Below is a set of records. Repeat them verbatim without the pictures.

***** Supplied records *****

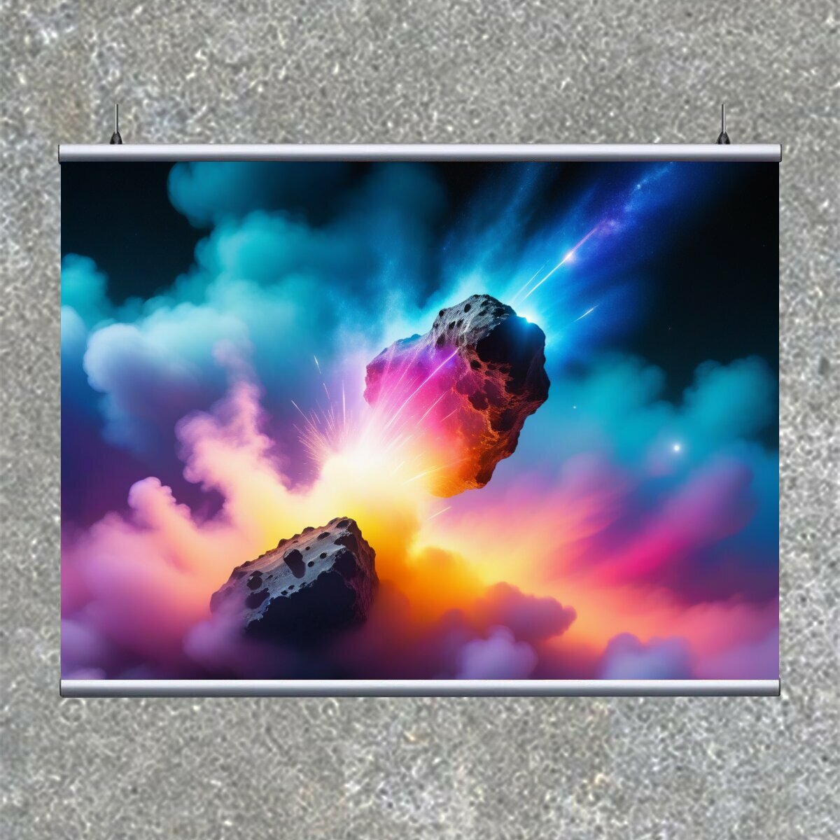 Отзывы на Картина на холсте "Легкие метеориты сквозь красочный туман в космосе" с подвесами 120х90 см. для интерьера на стену
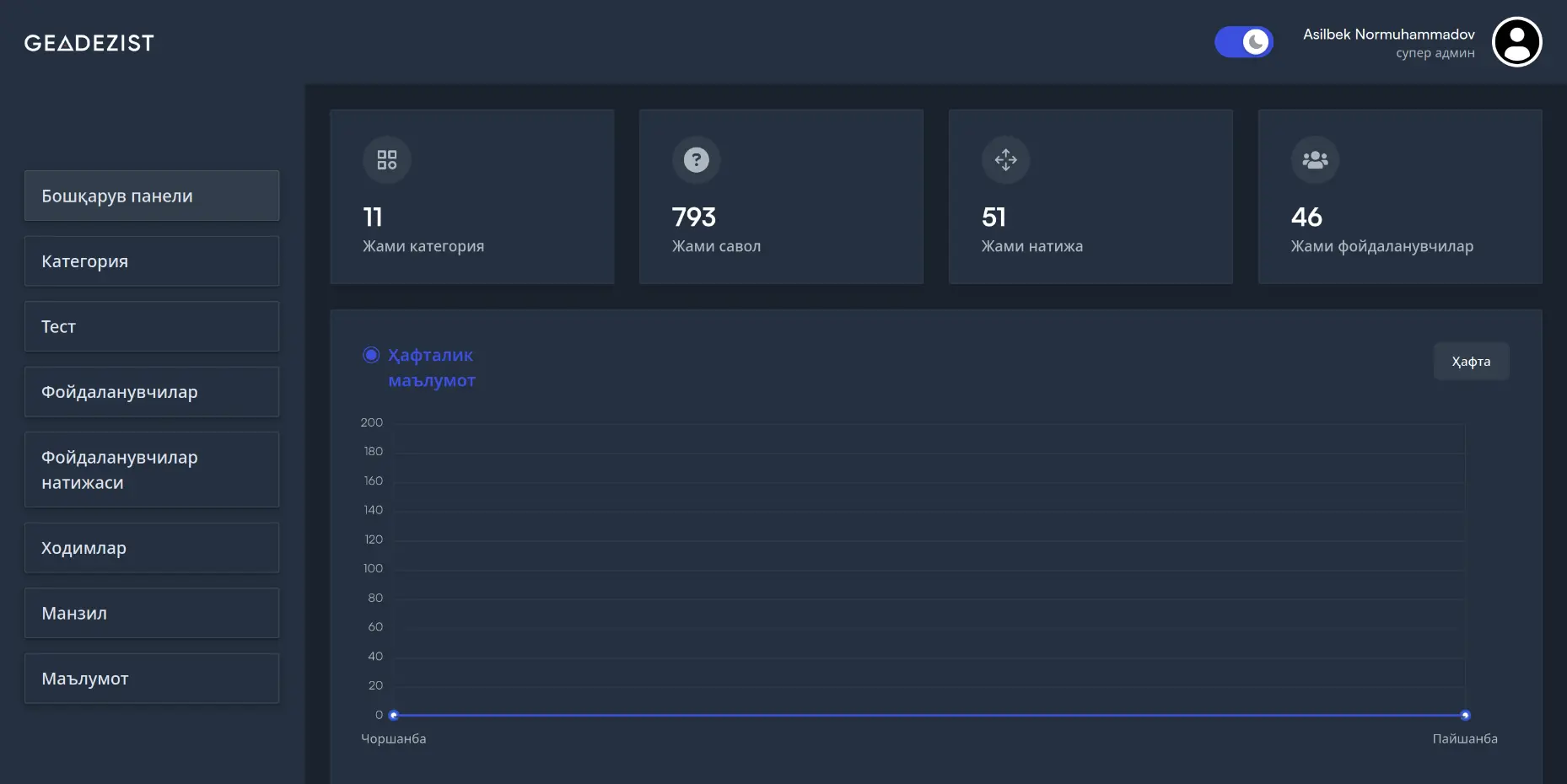GEODEZIYA is a 3-panel website and the program is mainly managed by staff and admin. In the client panel, you can only test the fields. What does the site do? -those who want to be employed in the company are required to pass these tests first, here the employees enter the tests in the direction section and pass the theoretical and practical test there. This site will save the company valuable time and increase productivity.
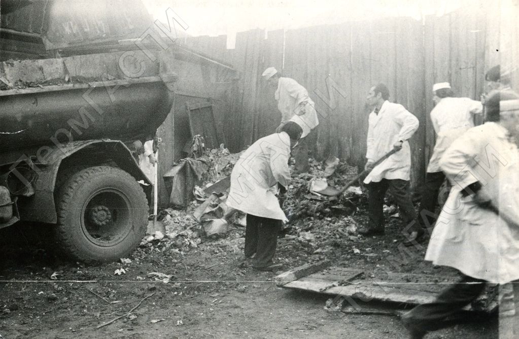 Субботник на зуботехническом отделении. Комитет ВЛКСМ Пермского базового медучилища.
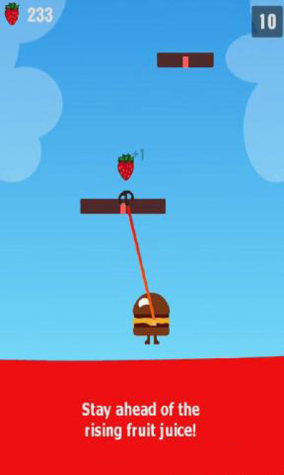 这是一款画面简单,玩法简单但有趣的休闲小游戏,游戏中玩家将控制一个铁钩主角,不断的利用铁钩向上飞跃,注意不要被上升的果汁所淹没了,这款手游趣味性十足,值得一玩。
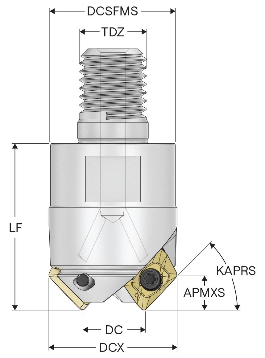 Seco 02669572 Turbo Indexable Chamfer End Mill, XO.. 1204.. Insert, 1.053 in Dia Cutting

*****

Result of the task ->
 Отзывы на Картина на холсте "Легкие метеориты сквозь красочный туман в космосе" с подвесами 120х90 см. для интерьера на стену
GEODEZIYA is a 3-panel website and the program is mainly managed by staff and admin. In the client panel, you can only test the fields. What does the site do? -those who want to be employed in the company are required to pass these tests first, here the employees enter the tests in the direction section and pass the theoretical and practical test there. This site will save the company valuable time and increase productivity.
 Субботник на зуботехническом отделении. Комитет ВЛКСМ Пермского базового медучилища.
 这是一款画面简单,玩法简单但有趣的休闲小游戏,游戏中玩家将控制一个铁钩主角,不断的利用铁钩向上飞跃,注意不要被上升的果汁所淹没了,这款手游趣味性十足,值得一玩。
 Seco 02669572 Turbo Indexable Chamfer End Mill, XO.. 1204.. Insert, 1.053 in Dia Cutting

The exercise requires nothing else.